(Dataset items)

····················

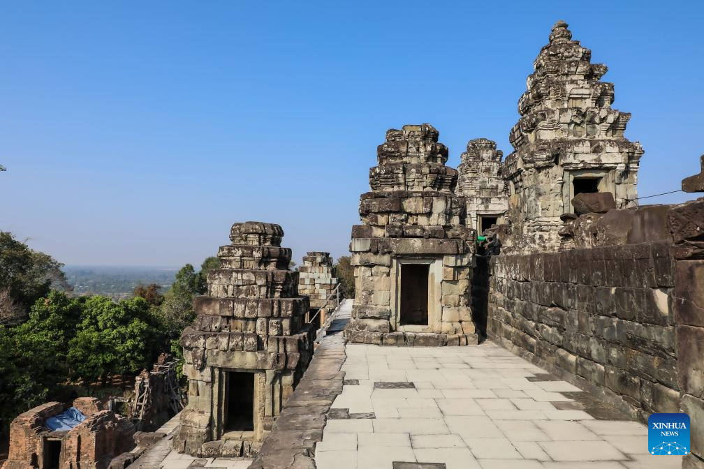 This photo taken on Jan. 13, 2026 shows part of Phnom Bakheng Temple in Siem Reap province, Cambodia. The restoration work on the western part of Phnom Bakheng Temple in Cambodia's renowned Angkor Archaeological Park has been underway, said an APSARA National Authority (ANA) news release on Wednesday. (ANA/Handout via Xinhua)
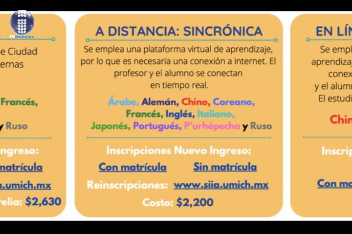 La Coordinación del Departamento de Idiomas de la Universidad Michoacana de San Nicolás de Hidalgo (UMSNH), inició los cursos correspondientes al ciclo 2022-2022, con una oferta académica en tres diferentes modalidades que permiten a los alumnos gran flexibilidad de acuerdo a sus condiciones de estudio, tipos de aprendizaje y necesidades de horario.
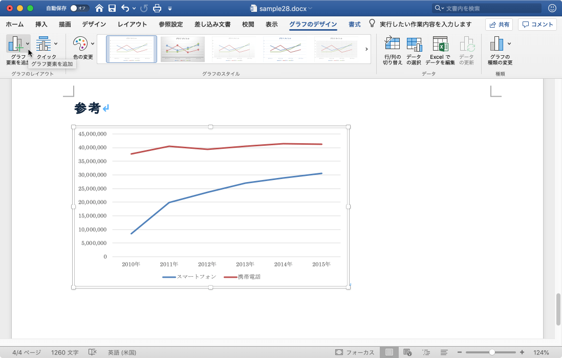 - グラフを選択し、[グラフのデザイン]タブを開きます。
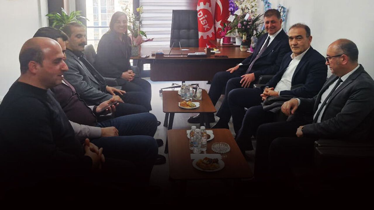 GÜNDEME BAKIŞ - İzmir Büyükşehir Belediye Başkanı Cemil Tugay, DİSK Ege Bölge Temsilciliği görevine getirilen Deniz Şahin Gümüştekin'e tebrik ziyaretinde bulundu. DİSK Ege Bölge Temsilciliği binasında gerçekleştirilen ziyarete şube temsilcileri de katıldı. Burada açıklamalarda bulunan Tugay, sendika ve belediyenin birlik içinde olması gerektiğini belirtti. Tugay, "Ben her zaman çalışma arkadaşlarımıza sahip çıkıp haklarını almaları için elimden geleni yaptım. Yapabildiğimiz yapıyoruz yapamadığımız için de anlayış bekliyoruz" ifadelerini kullandı.
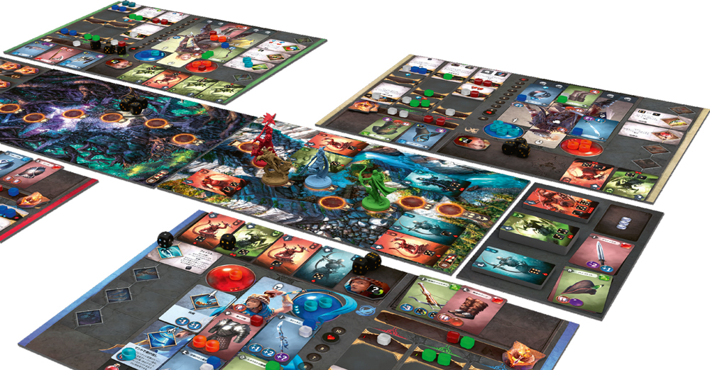 4隅の大きなボードがプレイヤーボード、中央の縦長ボードがダンジョンボード、その上に装備カード・デーモンカード、ジェムなどの様々なコンポーネントがはいちされています。
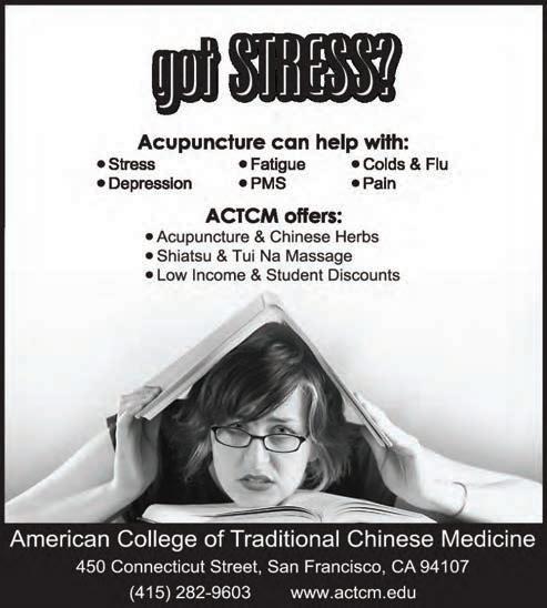 Health:Women’sWellnessWorkshops Learnhownaturopathicmedicinecan help you live well. $25. First Saturdayofeverymonth;2:30to3:30 p.m.Upcomingtopics:YourVitalVAnintimatediscussionofvulvovaginal health;KillerCramps-Managing periodpainandendometriosis; EnhancingYourChances-Natural approachesforimprovingfertility.Sign up at www.meetup.com/SFnatmed.
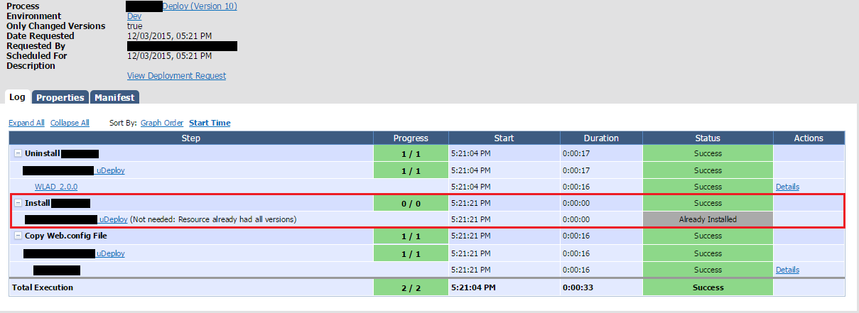 但是,当部署过程进展到安装阶段时,什么都不会发生--安装过程在进入并成功执行web.config复制进程之前没有执行,显示了“已安装”状态,尽管前面已经成功地完成了卸载过程(请参阅下面)。
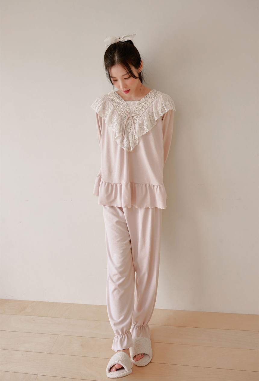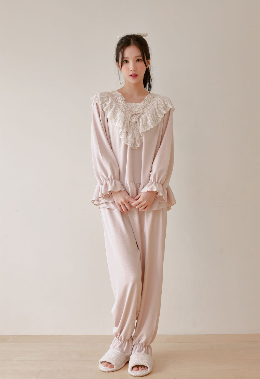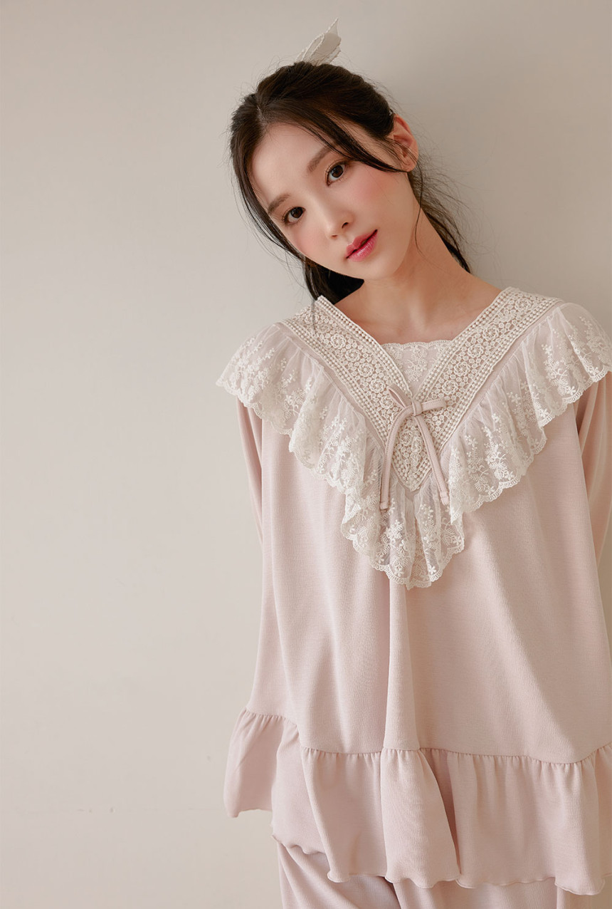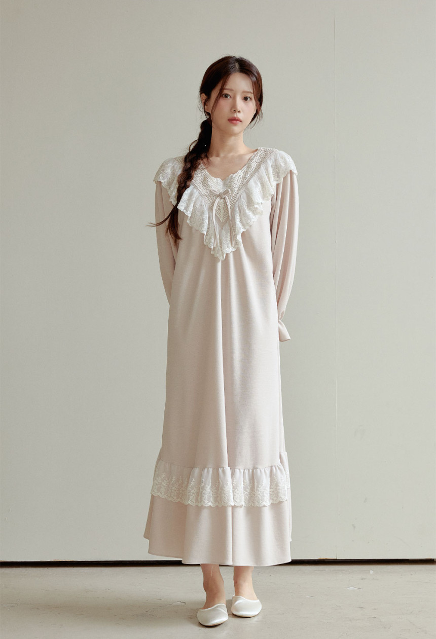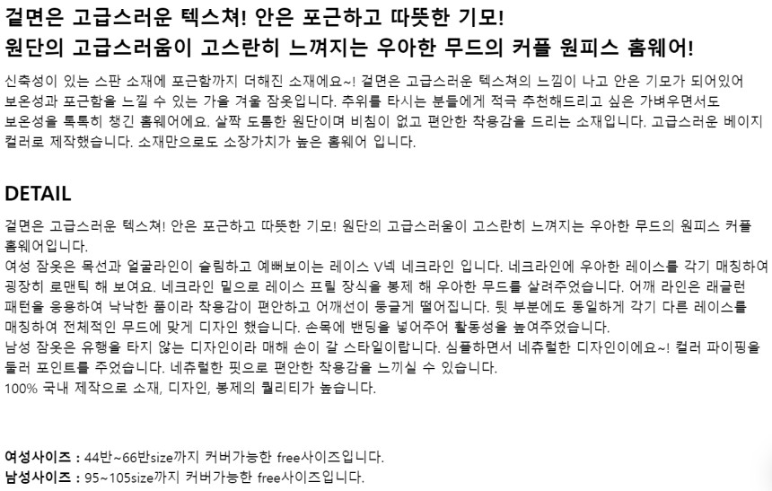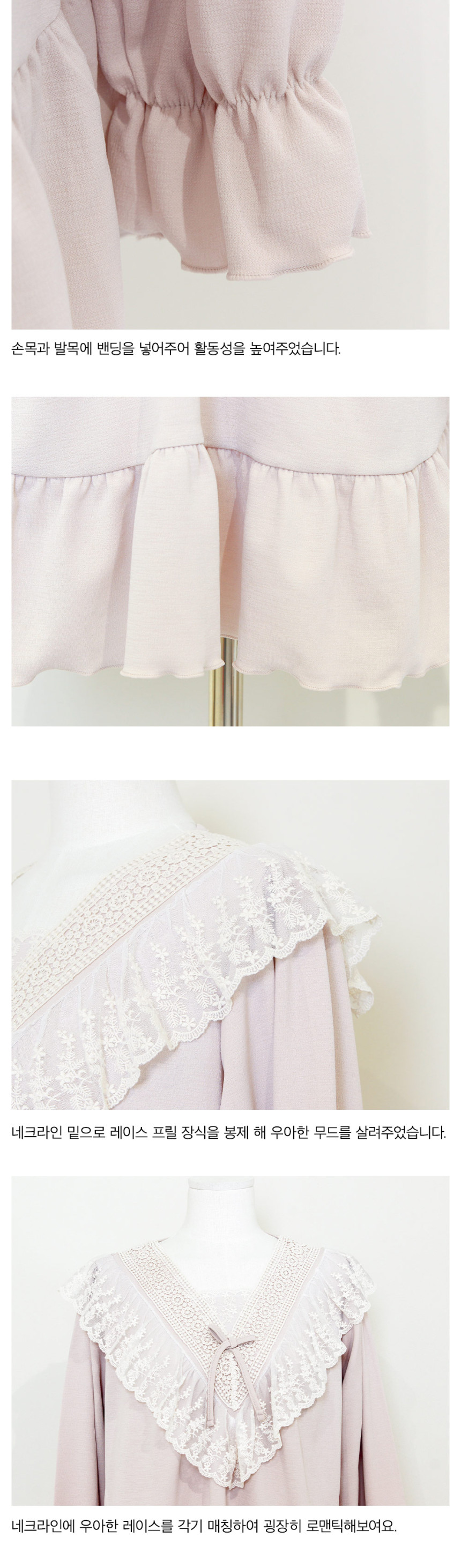 여성 남성 커플 프리다 원피스 투피스 카라 레이스 수면 잠옷
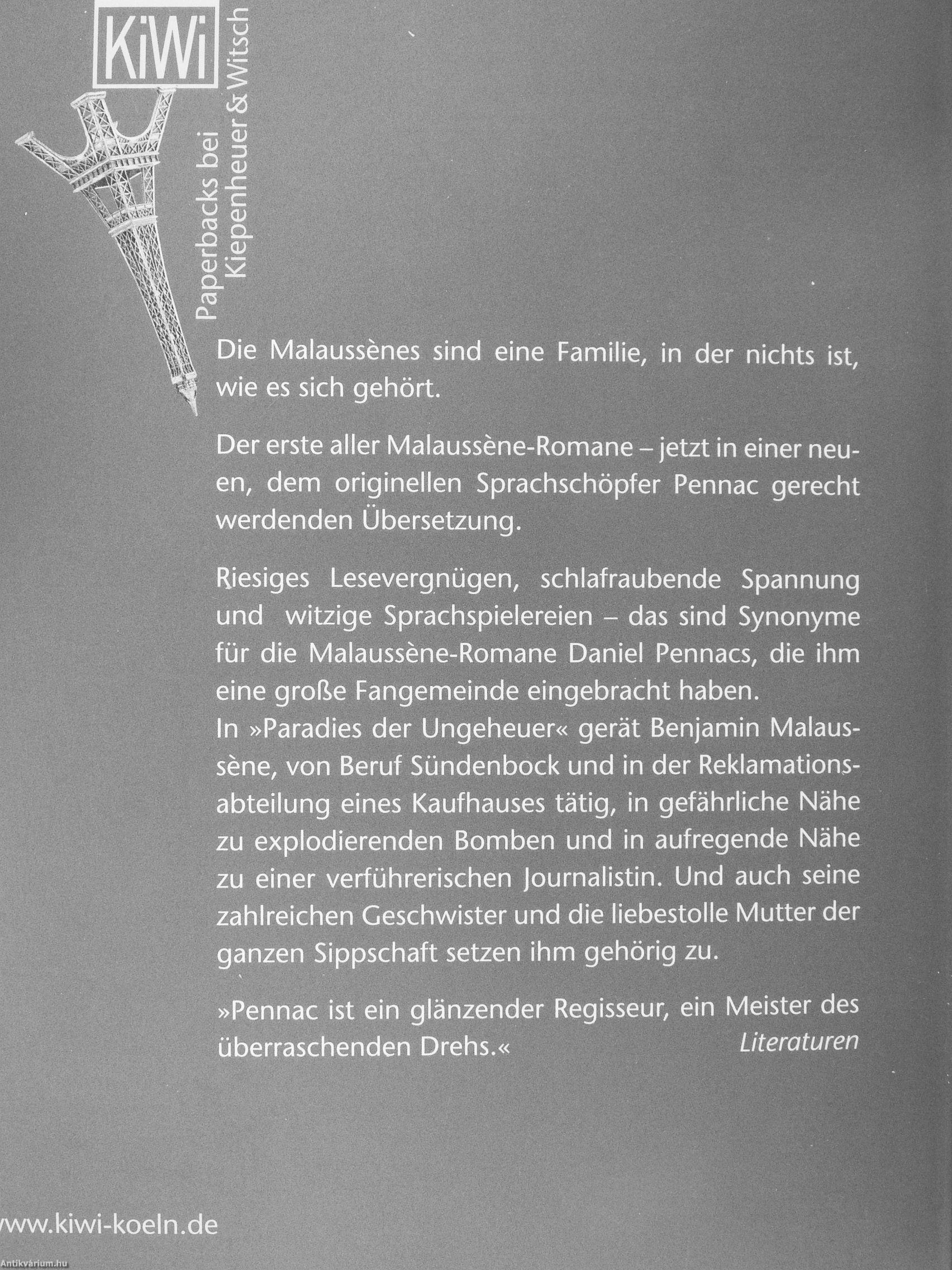 Riesiges Lesevergnügen, schlafraubende Spannung und witzige Sprachspieiereien - das sind Synonyme für die Malaussene-Romane Daniel Pennacs, die ihm eine große Fangemeinde eingebracht haben. In »Paradies der Ungeheuer« gerät Benjamin Malaus-sene, von Beruf Sündenbock und in der Reklamationsabteilung eines Kaufhauses tätig, in gefährliche Nähe zu explodierenden Bomben und in aufregende Nähe zu einer verführerischen Journalistin. Und auch seine zahlreichen Geschwister und die liebestolie Mutter der ganzen Sippschaft setzen ihm gehörig zu.
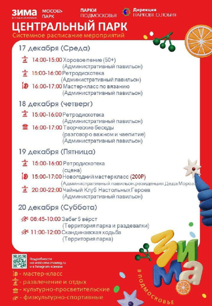 Так, с 17 по 20 декабря в Центральном парке культуры и отдыха жителей и гостей города ждут мастер-класс по вязанию, хоровое пение, ретродискотеки, настольные игры и творческая беседа. Любителей спорта приглашают на скандинавскую ходьбу и традиционный забег 5 вёрст.
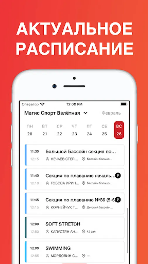 - View the schedule of personal and group classes
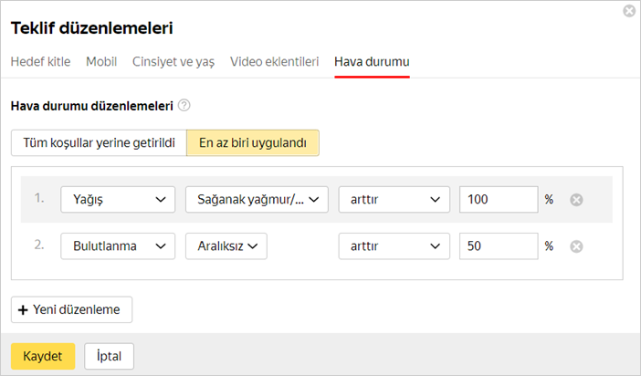 Hava koşullarına (hava sıcaklığı, yağış yoğunluğu ve bulutluluk) bağlı olarak teklif, fiyat veya dönüşüm değerini ayarlayabilirsiniz.
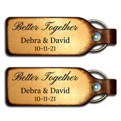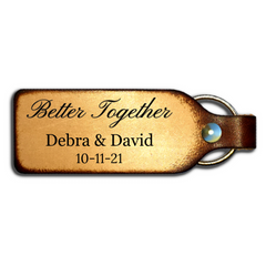 This perfect couple's keychain makes a great gift. Made with durable cowhide leather, hand tooled, and laser engraved with your names and special date.
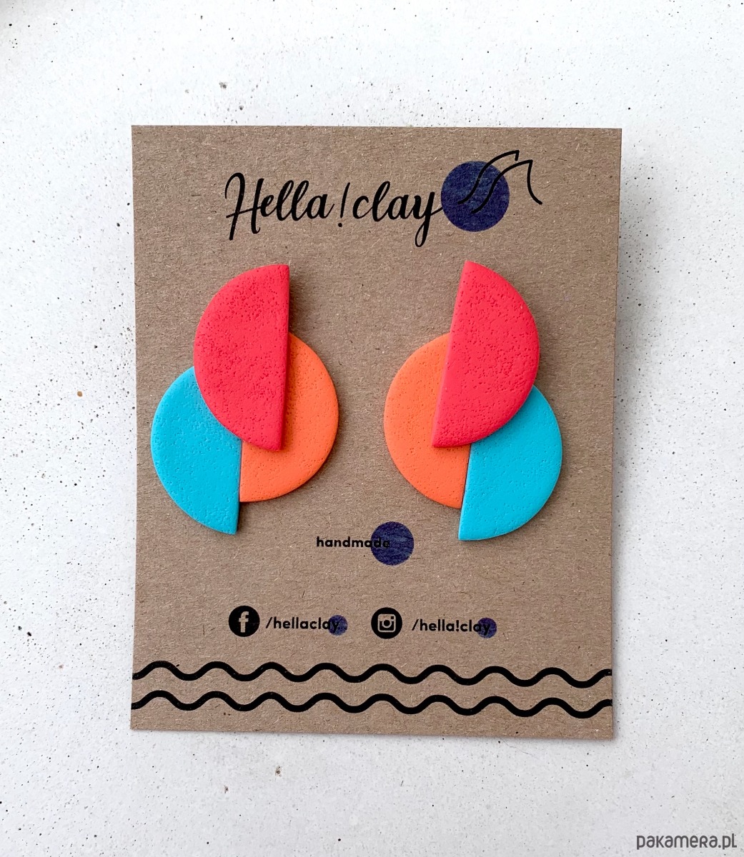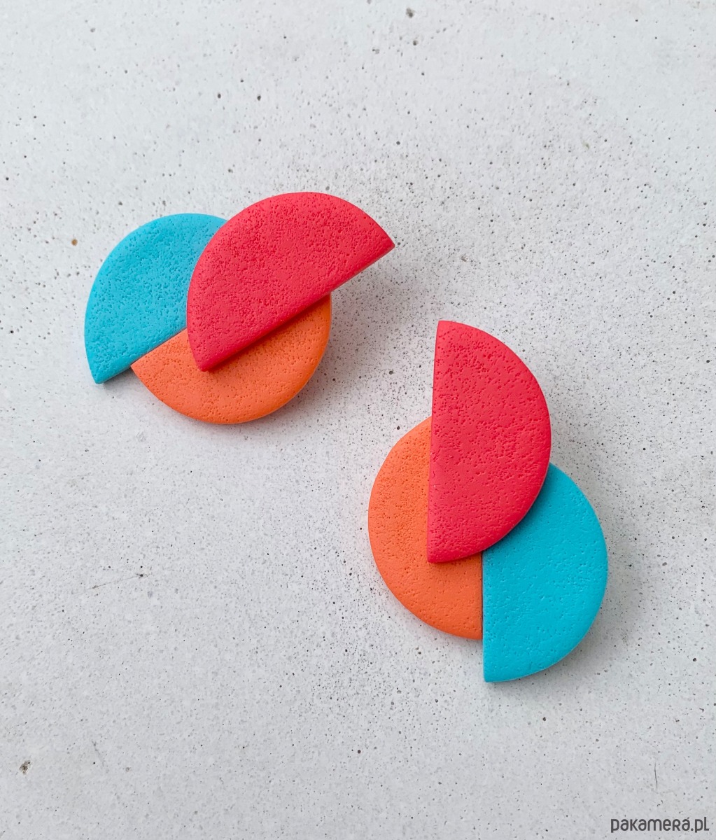 Oryginalne kolczyki wykonane ręcznie z dbałością o szczegóły z profesjonalnej glinki polimerowej, wypalane w piecu i szlifowane w domowej pracowni. Każda para kolczyków jest niepowtarzalna i wyjątkowa. Kolczyki są bardzo lekkie i wygodne, nie obciążają płatka ucha i przyciągają spojrzenia. Zapinane na sztyft ze stali chirurgicznej.

····················

Assignment:
In the data above, please extract the lines from the first one through the line with "- グラフを選択し、[グラフのデザイン]タブを開きます。", exactly, and keep pictures out.

Result:
 This photo taken on Jan. 13, 2026 shows part of Phnom Bakheng Temple in Siem Reap province, Cambodia. The restoration work on the western part of Phnom Bakheng Temple in Cambodia's renowned Angkor Archaeological Park has been underway, said an APSARA National Authority (ANA) news release on Wednesday. (ANA/Handout via Xinhua)
 La Coordinación del Departamento de Idiomas de la Universidad Michoacana de San Nicolás de Hidalgo (UMSNH), inició los cursos correspondientes al ciclo 2022-2022, con una oferta académica en tres diferentes modalidades que permiten a los alumnos gran flexibilidad de acuerdo a sus condiciones de estudio, tipos de aprendizaje y necesidades de horario.
 - グラフを選択し、[グラフのデザイン]タブを開きます。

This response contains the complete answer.